My work in scatterometry began several years ago with the idea that I could devise a method for data analysis that would circumvent the need to generate a large database.   I was able to do that and have published several articles regarding that method with my graduate students.  Below is a list of them:

     1)   "Linearized Inversion of Scatterometric Data to obtain Surface Profile Information", Emmanuel M. Drege, Jeffrey A. Reed, and Dale M. Byrne, Optical Engineering, Vol 41, No. 1, pp.225-236, Jan. 2002
     2)   "Profile Parameter Accuracy Determined from Scatterometric Measurements", Rayan M. Al Assaad, Emmanuel M. Drege, and Dale M. Byrne, Design, Process Integration, and Characterization for Microelectronics, Alexander Starikov, and Kenneth W. Tobin, eds., Proc. of SPIE 4692A, pp.17-28, 2002.
     3)   "Mathematical Analyses of Inverse Scatterometry", Emmanuel M. Drege, Rayan M. Al Assaad, and Dale M. Byrne, Metrology, Inspection, and Process Control for Microlithography XVI, Daniel J. Herr, ed., Proc. of SPIE 4689, pp. 151-162, 2002.

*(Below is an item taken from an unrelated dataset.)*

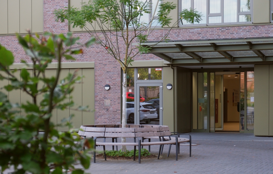 Auf engem Raum – zwischen Klinikum und Einfamilienhaussiedlung – ist ein Ort entstanden, der frisch und vertraut zugleich wirkt.
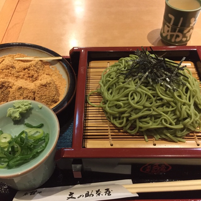 茶蕎麦にしました。美味♡わらび餅とのセット(笑)セットにするかしないかですごーく悩んで、ずーっと悩んで、悩むのが面倒になって、結局セットにしたという…相変わらずな私。

More recently I've concentrated on the general aspects of "inversion problems," specifically as they apply to analysis of scatterometric data.  A graduate student and myself are working on some new procedures to analyze the data, concentrating on the structural information that is available in a given data set.  Some initial exciting results of this work include the ability to derive a large number of "simulated" measurements from a few actual measurements, and then invert using the TOTAL set of both actual and simulated measurements.  The results are quite encouraging and appear to yield a quality inversion.

During my retirement I plan to continue investigating the nuances of inversion theory, as applied to scatterometric data as well as other types of experimental data.